When copying the data below, keep only the lines from the one with "Saat penggeledahan, polisi" through the one with "揚子半電動搬運車CTX,電動", word for word, and skip the pictures.

__Records provided__
----------
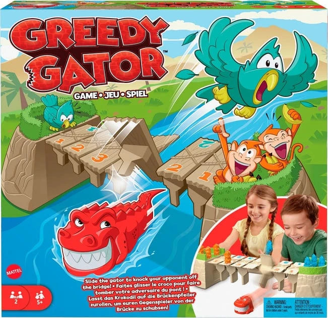 The children's game Edible Crocodile is a blast of fun as players race to get their figures across the bridge to the other side of the river. But watch out for the sneaky crocodile, who's ready to knock them down before they can get there!
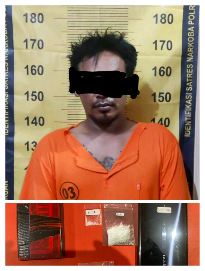 Saat penggeledahan, polisi menemukan satu kantong plastik kecil berisi sabu seberat 0,054 gram, enam plastik klip kosong, sebuah kotak merah-hitam, dan satu unit ponsel Oppo warna hitam.
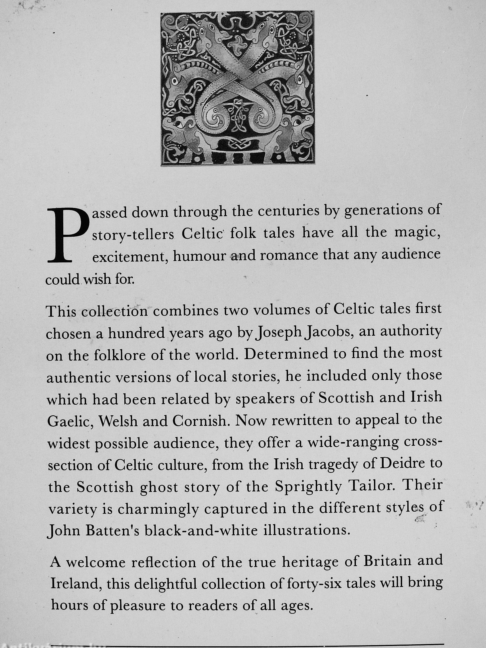 This collection combines two volumes of Celtic tales first chosen a hundred years ago by Joseph Jacobs, an authority on the folklore of the world. Determined to find the most authentic versions of local stories, he included only those which had been related by speakers of Scottish and Irish Gaelic, Welsh and Cornish. Now rewritten to appeal to the widest possible audience, they offer a wide-ranging cross-section of Celdc culture, from the Irish tragedy of Deidre to the Scottish ghost story of the Sprightly Tailor. Their variety is charmingly captured in the different styles of John Batten's black-and-white illustrations.
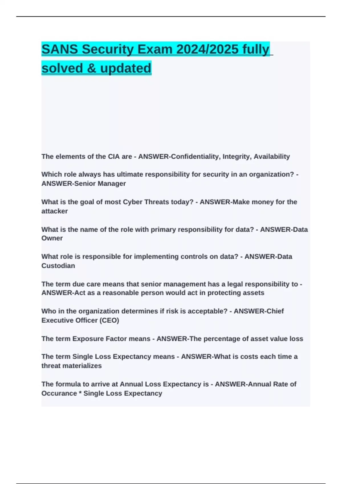 The term Single Loss Expectancy means - ANSWER-What is costs each time a
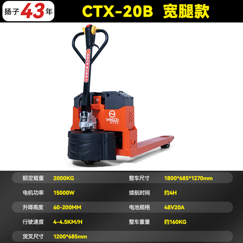 揚子半電動搬運車CTX,電動行走強勁載重,永磁無刷電機/高品質(zhì)油缸/鉛酸鋰電可選
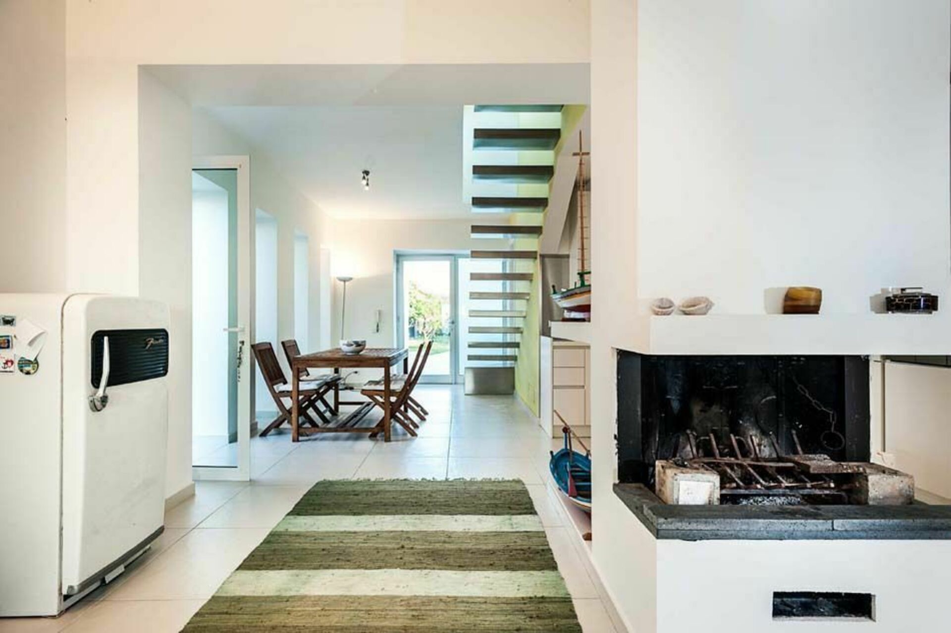 Op de begane grond bevinden zich een lichte woonkamer met open haard en eethoek, een keuken en een toilet. Vanuit de woonkamer leidt een zwevende trap naar de eerste verdieping met schuine plafonds, die drie slaapkamers en twee badkamers omvat.
----------
__Exercise response__
 Saat penggeledahan, polisi menemukan satu kantong plastik kecil berisi sabu seberat 0,054 gram, enam plastik klip kosong, sebuah kotak merah-hitam, dan satu unit ponsel Oppo warna hitam.
 This collection combines two volumes of Celtic tales first chosen a hundred years ago by Joseph Jacobs, an authority on the folklore of the world. Determined to find the most authentic versions of local stories, he included only those which had been related by speakers of Scottish and Irish Gaelic, Welsh and Cornish. Now rewritten to appeal to the widest possible audience, they offer a wide-ranging cross-section of Celdc culture, from the Irish tragedy of Deidre to the Scottish ghost story of the Sprightly Tailor. Their variety is charmingly captured in the different styles of John Batten's black-and-white illustrations.
 The term Single Loss Expectancy means - ANSWER-What is costs each time a
 揚子半電動搬運車CTX,電動行走強勁載重,永磁無刷電機/高品質(zhì)油缸/鉛酸鋰電可選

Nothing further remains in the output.